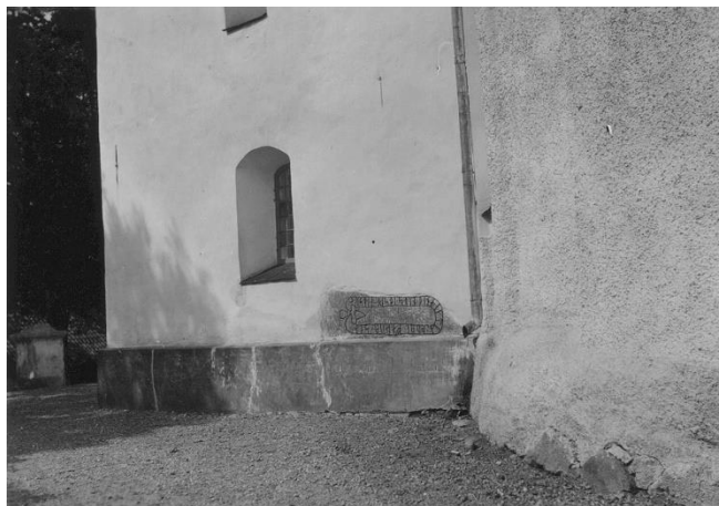
Fig. 14. Ög 11. Vårdsbergs kyrka. Foto Nordén 1941.
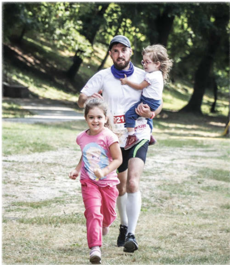
A cél felé

» » » A résztvevőknek a Szabadtéri Büfétől elindulva hol füves, hol aszfaltos vagy éppen murvával felszórt, emelke-
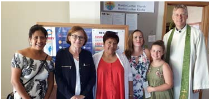
Die Daycare besucht die Gemeinde: Spendenaktion für den Terry Fox Lauf
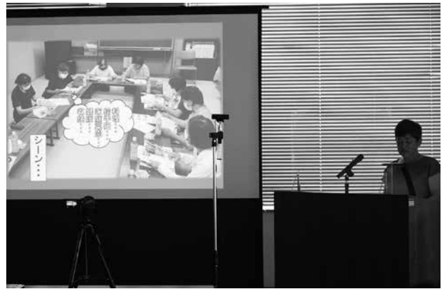
女性部家の光発表大会
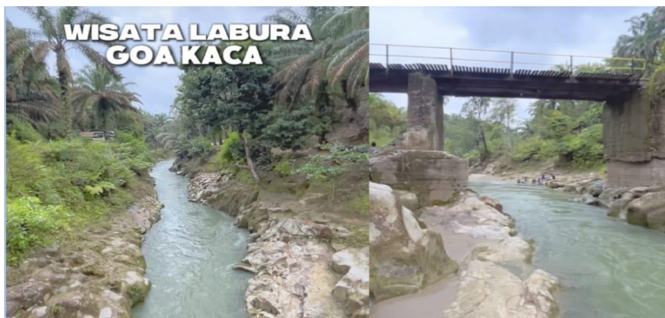
Gambar 1 : Aliran sungai desa Meranti Omas

Kecamatan NA IX-X merupakan daerah yang memiliki banyak sungai-sungai jernih, asri dan sejuk seperti sungai desa Meranti Omas beserta terus alirannya hingga ke kelurahan Kota Batu yang mana ini menjadi demonstrasi kebutuhan primer masyarakat. Selain itu, banyak masyarakat yang mengandalkan sungai ini sebagai mata pencaharian untuk memenuhi kebutuhan hidup, sandang dan pangan yakni dengan berjualan karena memang sungai ini dijadikan sebagai objek wisata. Disekitaran sungai juga terdapat banyak sekali air mata air yang keluar dari pecahan batu yang memiliki rasa manis dan menyegarkan. Air ini ditampung oleh masyarakat untuk dijadikan air minum rumah dan ada juga yang membuka usaha dengan produk air isi ulang galon. Melihat anugerah ini yang sangat bermanfaat bagi masyarakat sudah pastilah mereka sangat amat betul menjaganya dari pencemaran lingkungan dan tidak ingin potensi ini hilang begitu saja.
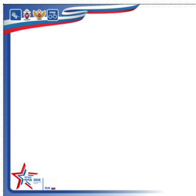
Рамка квадратная (фото)

________

(PROBLEM TO WORK ON) Each record must be quoted in full and exactly. Do not include the pictures.

(TASK RESPONSE)
Fig. 14. Ög 11. Vårdsbergs kyrka. Foto Nordén 1941.
A cél felé

» » » A résztvevőknek a Szabadtéri Büfétől elindulva hol füves, hol aszfaltos vagy éppen murvával felszórt, emelke-
Die Daycare besucht die Gemeinde: Spendenaktion für den Terry Fox Lauf
女性部家の光発表大会
Gambar 1 : Aliran sungai desa Meranti Omas

Kecamatan NA IX-X merupakan daerah yang memiliki banyak sungai-sungai jernih, asri dan sejuk seperti sungai desa Meranti Omas beserta terus alirannya hingga ke kelurahan Kota Batu yang mana ini menjadi demonstrasi kebutuhan primer masyarakat. Selain itu, banyak masyarakat yang mengandalkan sungai ini sebagai mata pencaharian untuk memenuhi kebutuhan hidup, sandang dan pangan yakni dengan berjualan karena memang sungai ini dijadikan sebagai objek wisata. Disekitaran sungai juga terdapat banyak sekali air mata air yang keluar dari pecahan batu yang memiliki rasa manis dan menyegarkan. Air ini ditampung oleh masyarakat untuk dijadikan air minum rumah dan ada juga yang membuka usaha dengan produk air isi ulang galon. Melihat anugerah ini yang sangat bermanfaat bagi masyarakat sudah pastilah mereka sangat amat betul menjaganya dari pencemaran lingkungan dan tidak ingin potensi ini hilang begitu saja.
Рамка квадратная (фото)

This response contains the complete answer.